For her first solo show at a UK institution, the Brussels-based Beninese artist Pélagie Gbaguidi (b. 1965) presents De-Fossilization of the Look curated by Daria Khan.
Brussels-based Beninese artist Pélagie Gbaguidi’s practice spreads across painting, drawing, performance and social practice. For her first solo show at a UK institution, the artist presents works from the series De-fossilization of the Look (2018) created in dialogue with Piero della Francesca’s Madonna del Parto (after 1457). This early Renaissance depiction of the Madonna features unorthodox iconography: the pregnant Madonna’s dress is undone, exposing an undergarment; her face and posture convey fatigue. Gbaguidi scrutinises this imagery via a series of automatic drawings and paintings, pondering on the depiction of sacralised motherhood and woman’s place and agency in the patriarchal society.

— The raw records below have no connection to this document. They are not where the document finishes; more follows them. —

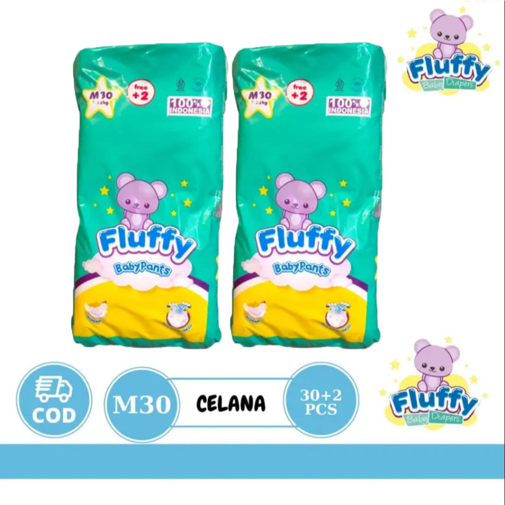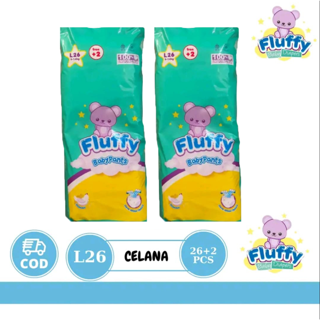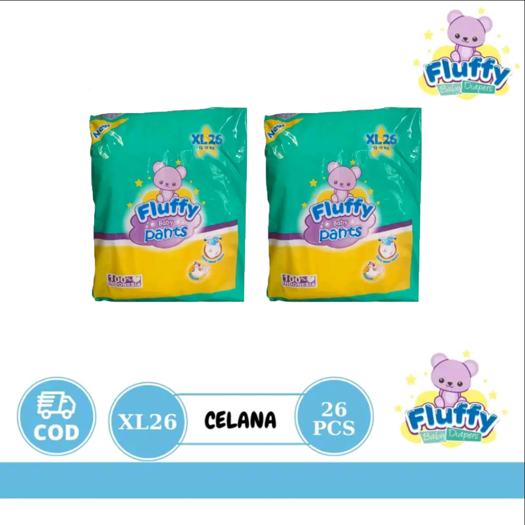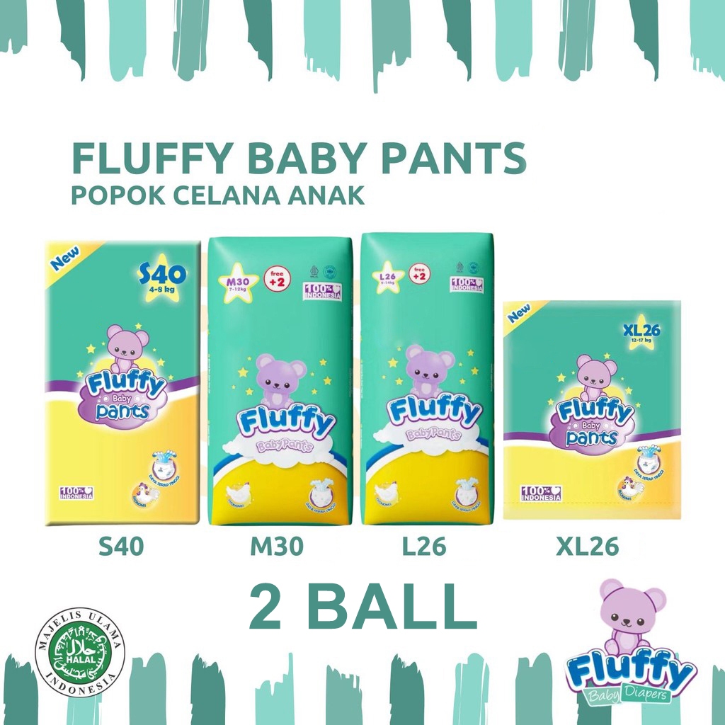 ( Promo Spesial ) Fluffy Paket 2 ball Pampers Popok bayi Celana ukuran S40 M30 L26 XL26
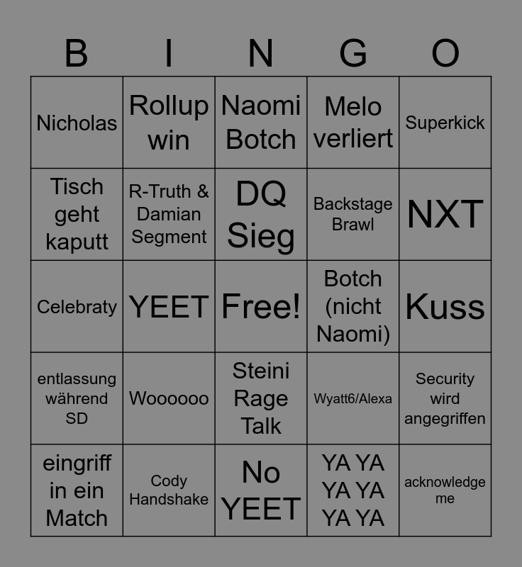 This bingo card has a free space and 24 words: Woooooo, Cody Handshake, DQ Sieg, eingriff in ein Match, Superkick, Nicholas, Tisch geht kaputt, Rollup win, Botch (nicht Naomi), Steini Rage Talk, Backstage Brawl, Celebraty, Wyatt6/Alexa, Security wird angegriffen, R-Truth & Damian Segment, YA YA YA YA YA YA, Kuss, Naomi Botch, NXT, YEET, acknowledge me, entlassung während SD, Melo verliert and No YEET.
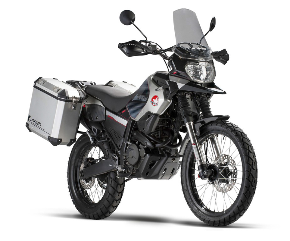 Bereits im Sommer 2015 erschien die Reiseenduro Adventure 400, mit der Mash die bislang eingeschlagene Retro-Welle verlassen hat. Die modern gestaltete Enduro wird von demselben 27 PS starken Einzylindermotor wie die Five Hundred angetrieben, der eng an eine Honda-Konstruktion angelehnt ist.
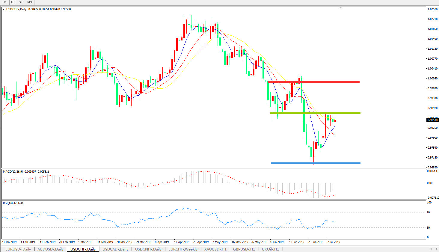 美元兑瑞郎USDCHF 日线图:
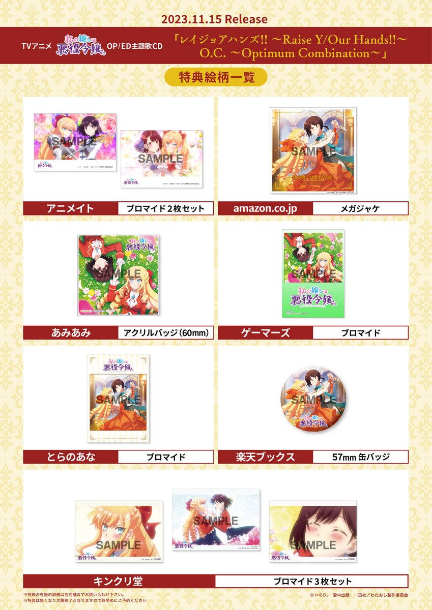 購入特典方面,購買 Blu-ray BOX 可獲得「克蕾雅 ver. 色紙&A3 塑膠海報」、購買 角色歌曲 CD(動畫《我的推是壞人大小姐。》OP/ED 主題曲)可獲得「零 ver.色紙」。

Gbaguidi subverts the Renaissance tradition of linear perspective with a fisheye lens: she grasps all at the same time, enveloping her subjects and dissecting them into fibres, as if looking at them from within. The artist states: “I draw without perspective: my perspective is a perspective of a child, of a bird, of an insect, and of a fish”.
The exhibition also features works on paper from Les Vieilles (2016) (Old Women) series, consisting of 15 drawings and a new site-specific painting on the back wall of the gallery. This series reflects on the invisibility of elderly women in society, their untold stories and unacknowledged wisdom. Cherishing her connection to animistic and matriarchal perceptions of the world, intrinsic to Benin’s pre-colonial culture, Gbaguidi transmits an animated spirit of inherited ancestral and contemporary impressions.
In the first floor room of Mimosa House, Gbaguidi invites visitors to take part in the making of a collective gesture by choosing a piece of fabric and stitching a button to it, as a symbol of collective repair.
At the preview, between 6:30–8:30pm on Thursday 22 June, the exhibition will be activated through a vocalisation by the mezzo-soprano Clotilde Van Dieren.